The Boeing AH-64 Apache helicopter is able to kneel to fit inside the cargo hold of a transport aircraft and for storage.

==== Tail support ====
Aircraft landing gear includes devices to prevent fuselage contact with the ground by tipping back when the aircraft is being loaded. Some commercial aircraft have used tail props when parked at the gate. The Douglas C-54 had a critical CG location which required a ground handling strut. The Lockheed C-130 and Boeing C-17 Globemaster III use ramp supports.

Unladen Il-62 resting on its extended tail strut

The unladen CG of the rear-engined Ilyushin IL-62 is aft of the main gear due to design decisions stemming from efforts to reduce overall weight, systems complexity and drag; to prevent the fuselage from tilting back when unloaded, the aircraft has a unique fully retractable vertical tail strut with castering wheels to allow towing or pushback. The strut is not intended for taxiing or flight, when the weight of the crew, passengers, cargo and fuel provide the necessary fore-aft balance.

==== Monowheel ====

A Schleicher ASG 29 glider shows its monowheel landing gear

To minimize drag, modern gliders usually have a single wheel, retractable or fixed, centered under the fuselage, which is referred to as monowheel gear or monowheel landing gear. Monowheel gear is also used on some powered aircraft, where drag reduction is a priority, such as the Europa Classic. Much like the Me 163 rocket fighter, some gliders from prior to the Second World War used a take-off dolly that was jettisoned on take-off; these gliders then landed on a fixed skid. This configuration is necessarily accompanied with a taildragger.

==== Helicopters ====
Light helicopters use simple landing skids to save weight and cost. The skids may have attachment points for wheels so that they can be moved for short distances on the ground. Skids are impractical for helicopters weighing more than four tons. Some high-speed machines have retractable wheels, but most use fixed wheels for their robustness, and to avoid the need for a retraction mechanism.

==== Tailsitter ====

A Convair XFY Pogo showing its landing gear

Experimental tailsitter aircraft use landing gear located in their tails for VTOL operation.

==== Light aircraft ====
For light aircraft a type of landing gear which is economical to produce is a simple wooden arch laminated from ash, as used on some homebuilt aircraft. A similar arched gear is often formed from spring steel. The Cessna Airmaster was among the first aircraft to use spring steel landing gear. The main advantage of such gear is that no other shock-absorbing device is needed; the deflecting leaf provides the shock absorption.

==== Folding gear ====

Ju 288 V1 first prototype, showing its complex "folding" main undercarriage

The limited space available to stow landing gear has led to many complex retraction mechanisms, each unique to a particular aircraft. An early example, the German Bomber B combat aircraft design competition winner, the Junkers Ju 288, had a complex "folding" main landing gear unlike any other aircraft designed by either Axis or Allied sides in the war: its single oleo strut was only attached to the lower end of its Y-form main retraction struts, handling the twinned main gear wheels, and folding by swiveling downwards and aftwards during retraction to "fold" the maingear's length to shorten it for stowage in the engine nacelle it was mounted in. However, the single pivot-point design also led to numerous incidents of collapsed maingear units for its prototype airframes.

==== Tracked ====
Increased contact area can be obtained with very large wheels, many smaller wheels or track-type gear. Tracked gear made by Dowty was fitted to a Westland Lysander in 1938 for taxi tests, then a Fairchild Cornell and a Douglas Boston. Bonmartini, in Italy, fitted tracked gear to a Piper Cub in 1951. Track-type gear was also tested using a C-47, C-82 and B-50. A much heavier aircraft, an XB-36, was made available for further tests, although there was no intention of using it on production aircraft. The stress on the runway was reduced to one third that of the B-36 four-wheel bogie.

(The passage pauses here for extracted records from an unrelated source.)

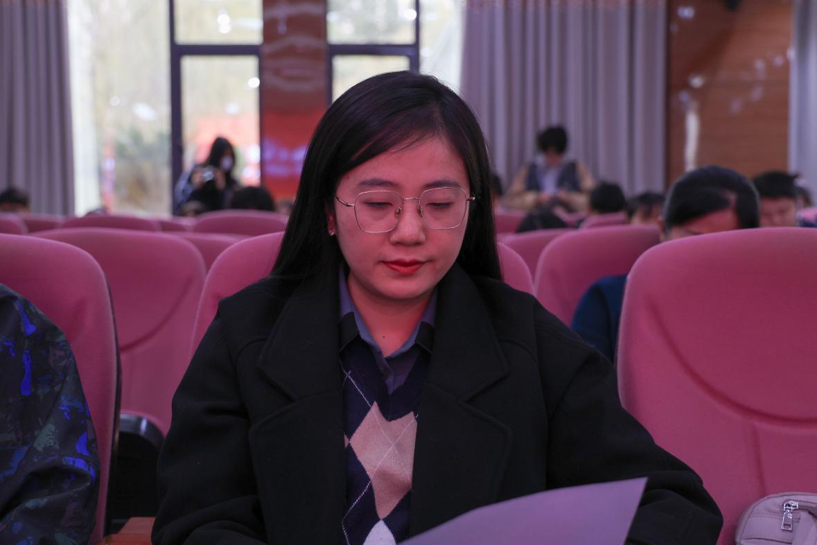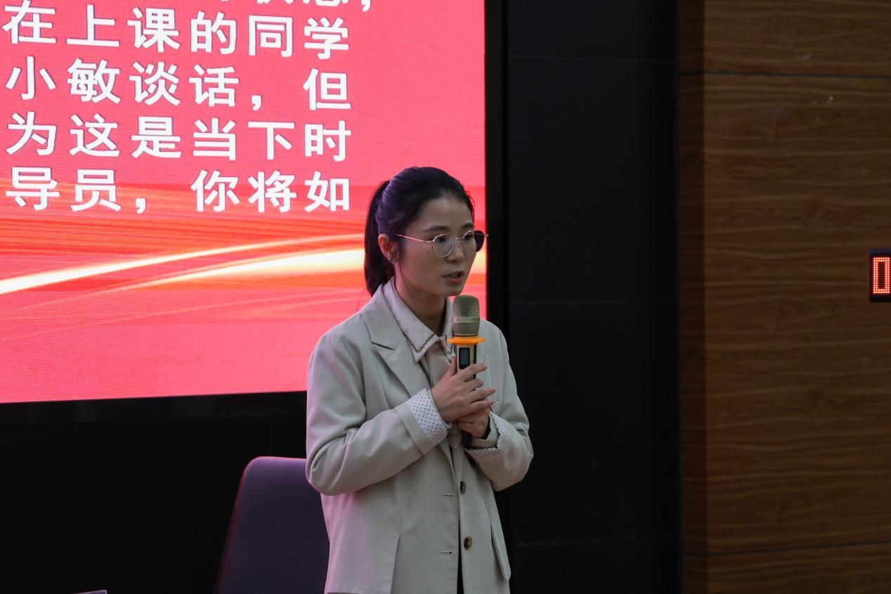谈心谈话,主要考察辅导员对学生特征、学生成长成才规律的了解把握程度,对学生的教育引导能力、解决理论困惑和实际问题的能力等。参赛选手提前10分钟抽题,按照“人题匹配”的原则与学生开展谈心谈话。12位选手分别围绕情感困惑、学业压力、电信诈骗、党员发展、宿舍人际关系等话题与学生开展谈话,老师们充分运用心理学、教育学、职业发展教育等专业知识及自身工作经验进行价值引领,充分展示了辅导员扎实的政策把握能力、全面的信息分析能力与过硬的教育引导能力。比赛现场学生化身“戏精演员”,学生与老师金句频出,不时引出阵阵笑声,为比赛增添了欢乐性和趣味性。
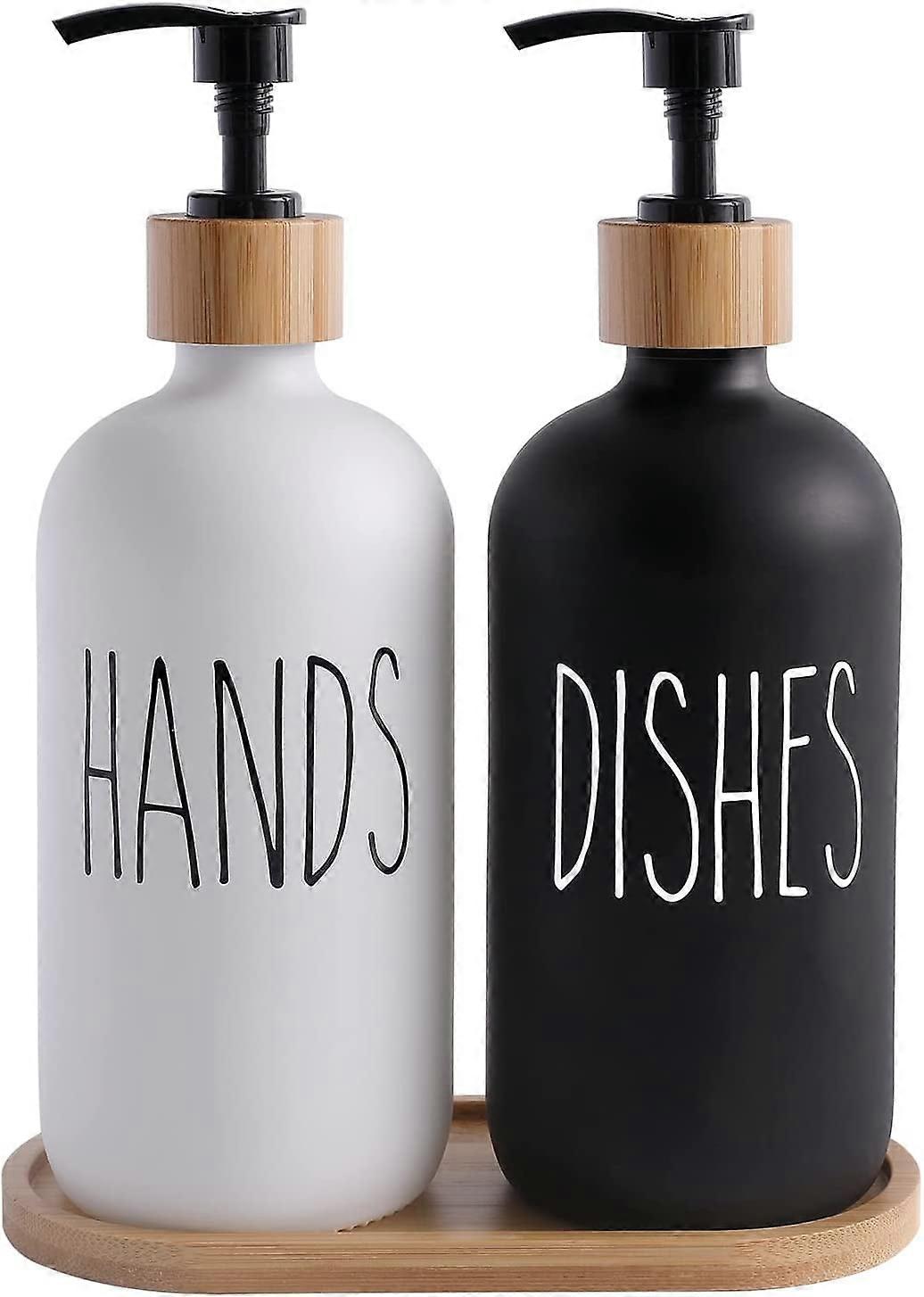 HOUFIY Glass Soap Dispenser Set, Compatible with Kitchen Decor, Includes Hand & Dish Soap Dispensers for Black/White Kitchens
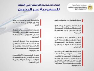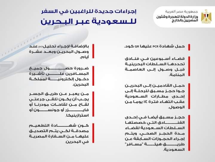 تحيط وزارة الدولة للهجرة وشؤون المصريين بالخارج، المصريين الراغبين السفر للملكة العربية السعودية عبر مملكة البحرين خلال هذه الفترة، علمًا بأن السلطات البحرينية أصدرت قرارات جديدة بشأن المرور من خلالها للسعودية.
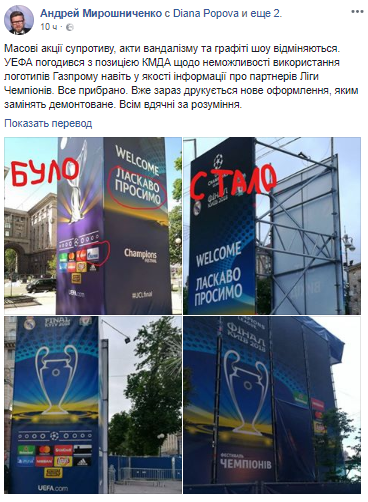 "Массовые акции протеста, акты вандализма и граффити-шоу отменяются. УЕФА согласилась с позицией КГГА о невозможности использования логотипов "Газпрома" даже как информации о партнерах Лиги Чемпионов. Все убрано. Уже сейчас печатается новое оформление, которым заменят демонтированное. Всем благодарны за понимание", - написал Мирошниченко.
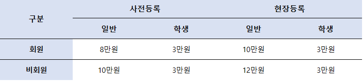 ◎ 기업부스 참여- 회 원 사 : 66만원 (VAT포함) - 비회원사: 110만원 (VAT포함) - 부스 구성 : 데스크 1, 의자 2개 및 소형 현수막 제공(데스크 걸이용) - 단체회원 가입 + 부스 신청 동시 진행 시에 S등급사 기준 400만원으로 금액 다운하여 제공 (※상세문의는 사무국으로 연락주십시오.)
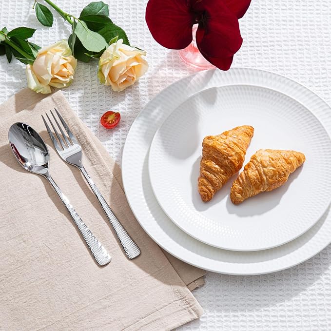 - MODERN STYLE: Each handle's unique hammered pattern complements most decorations. The curved edges, substantial thickness, and artisanal hammered finish add a touch of sophistication and elegance to your dining table, enhancing your fine dining experience.
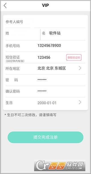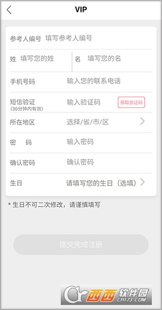 4、完成后就会进入到【vip资料填写】页面,除了生日信息,其他都为必填项。
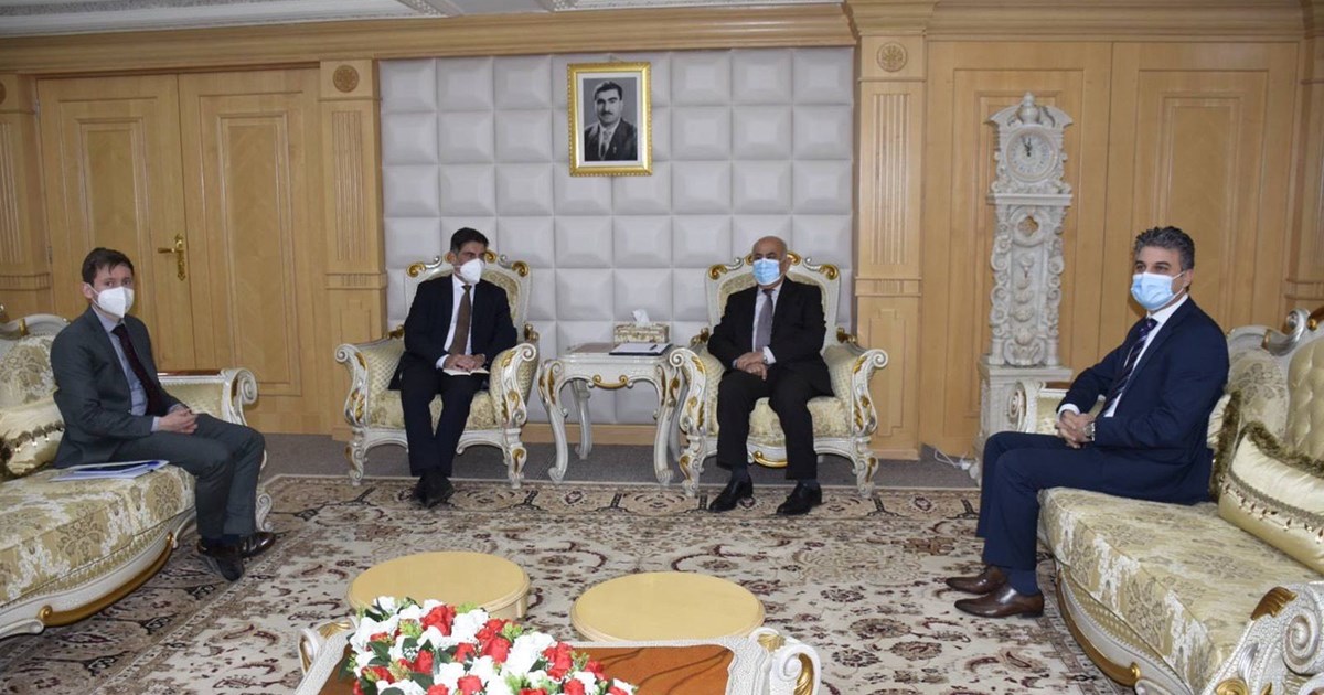 هەولێر، هەرێمی کوردستان، عێراق (GOV.KRD)- ئەمڕۆ دووشەممە ٢٠٢١/٣/١٥ وەزیری دادی حكومەتی ھەرێمی كوردستان، فرسەت ئەحمەد، لە دیوانی وەزارەتی داد، پێشوازی لە قۆنسۆڵی گشتى ئەڵمانياى فيدراڵ لە ھەرێمی كوردستان، كليمينس سيمينتر و رێكخەرى قۆنسۆڵگەرى ئەڵمانیا، ئەدريان رايزر كرد .
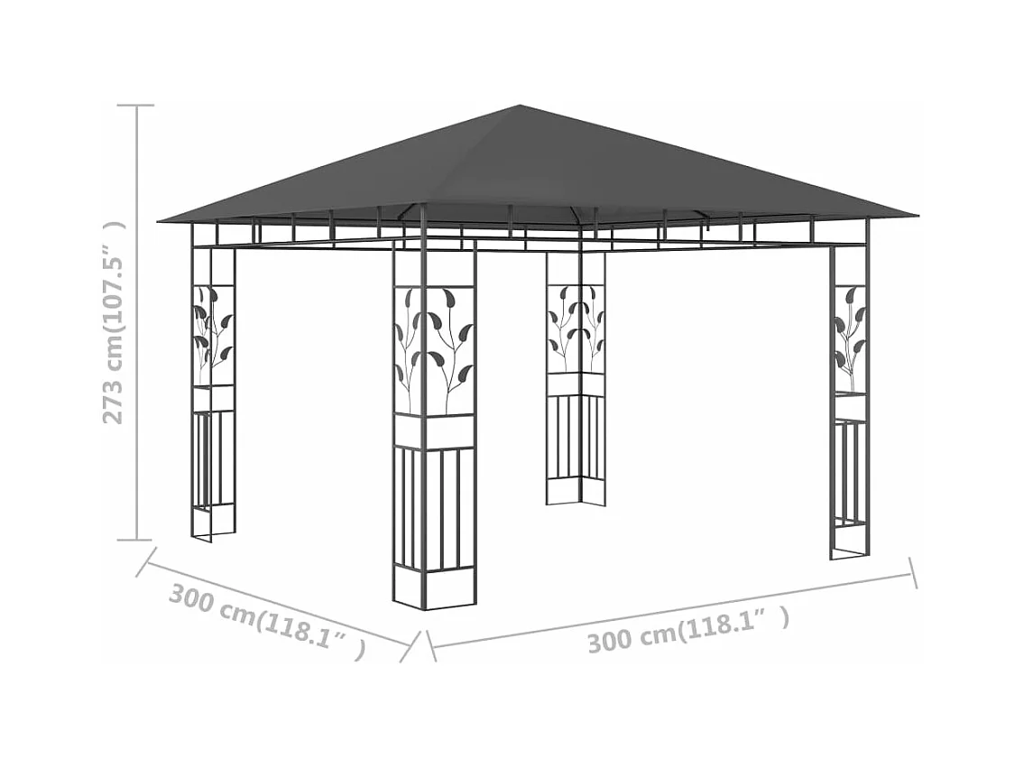 Belvédère avec moustiquaire 3x3x2,73 m Anthracite 180 g/m²
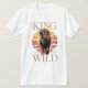A majestic lion stands proudly with the words King of the Wild overlaid, representing the powerful and dominant nature of this big cat in its natural habitat.
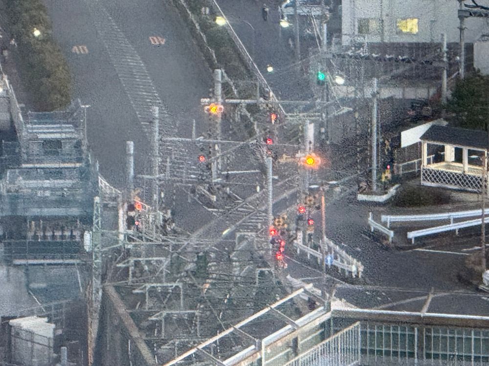 開かずの踏切が見えます。この辺りはトレインビュースポットとして有名な様ですね。
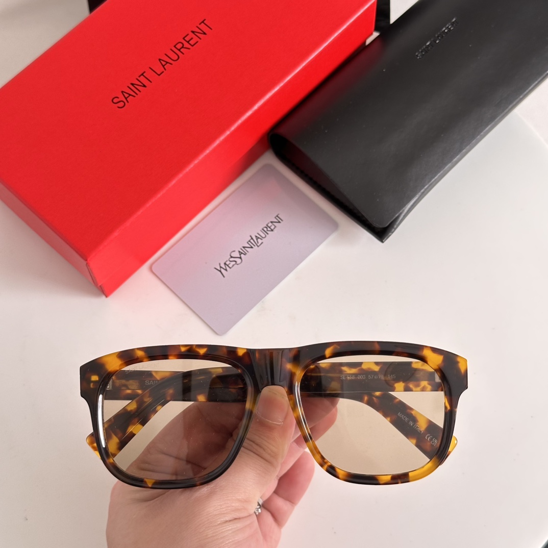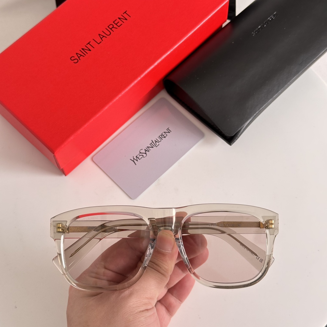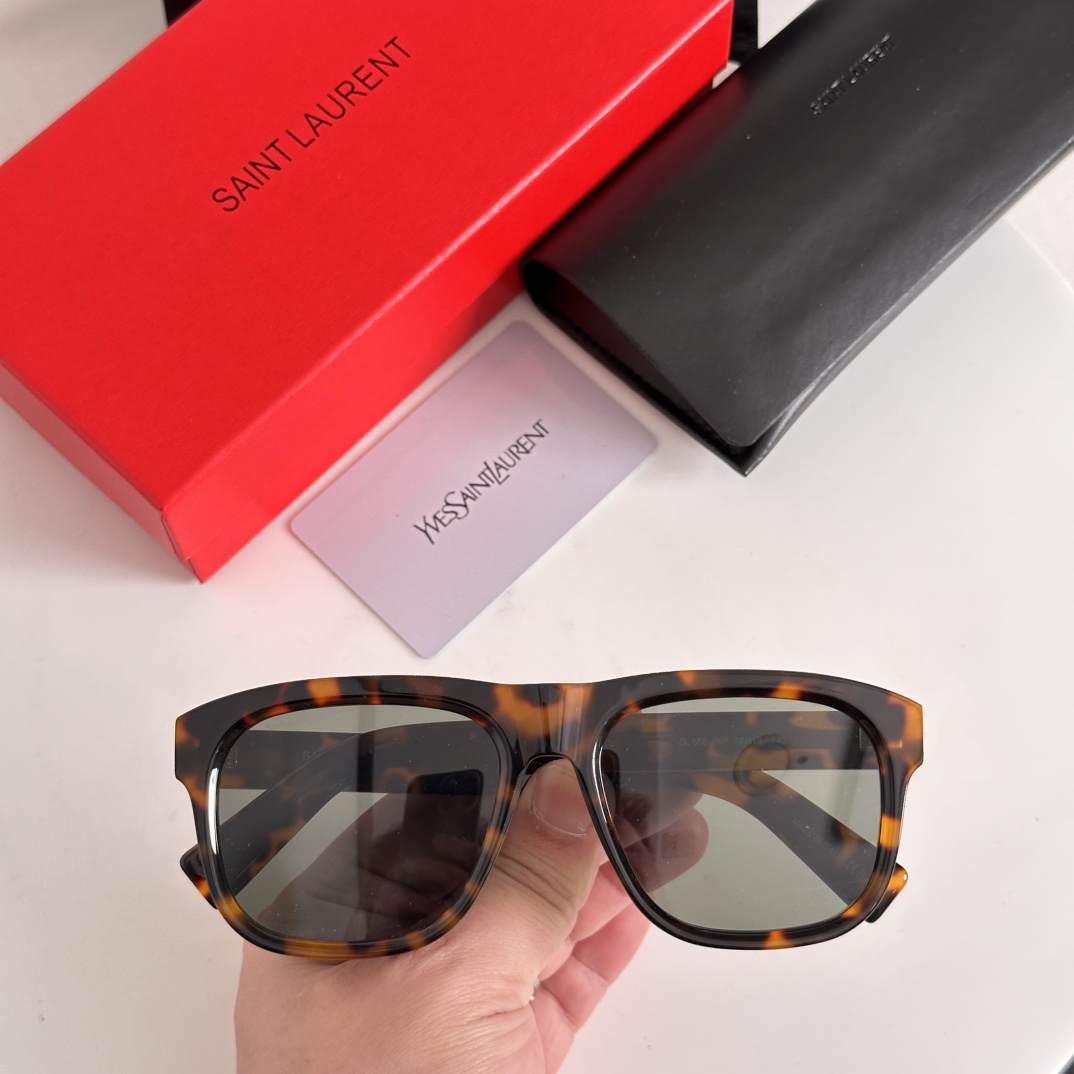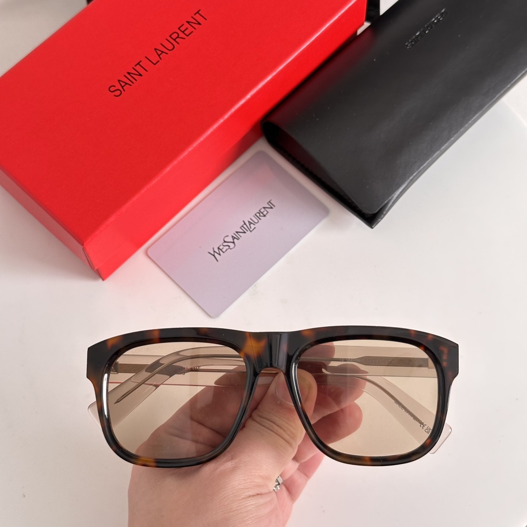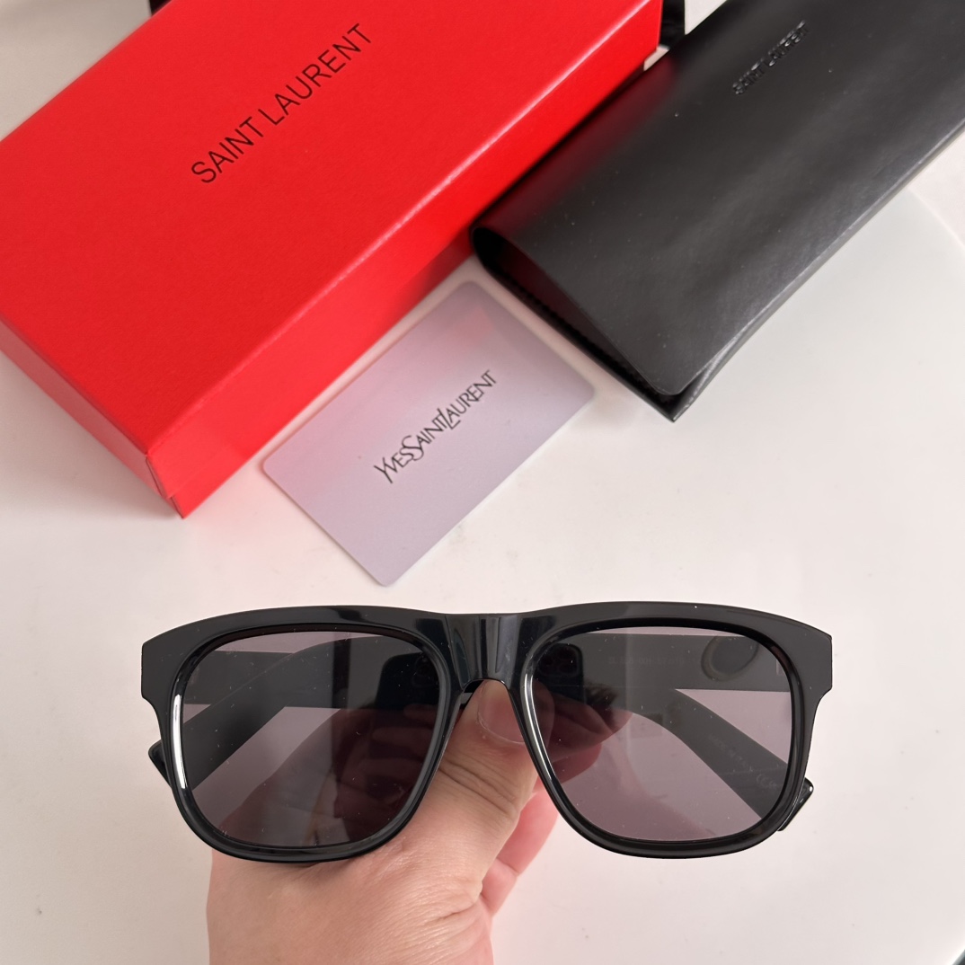 - Presented with Saint Laurent’s signature red packaging box, black case, and brand card, these sunglasses exemplify the brand’s commitment to premium craftsmanship and timeless design.

Experimental tracked gear on a B-36 Peacemaker

=== Ground carriage ===
Ground carriage is a long-term (after 2030) concept of flying without landing gear. It is one of many aviation technologies being proposed to reduce greenhouse gas emissions. Leaving the landing gear on the ground reduces weight and drag. Leaving it behind after take-off was done for a different reason, i.e. with military objectives, during World War II using the "dolly" and "trolley" arrangements of the German Me 163B rocket fighter and Arado Ar 234A prototype jet recon-bomber.

===Steering===
There are several types of steering. Taildragger aircraft may be steered by rudder alone (depending upon the prop wash produced by the aircraft to turn it) with a freely pivoting tail wheel, or by a steering linkage with the tail wheel, or by differential braking (the use of independent brakes on opposite sides of the aircraft to turn the aircraft by slowing one side more sharply than the other). Aircraft with tricycle landing gear usually have a steering linkage with the nosewheel (especially in large aircraft), but some allow the nosewheel to pivot freely and use differential braking and/or the rudder to steer the aircraft, like the Cirrus SR22.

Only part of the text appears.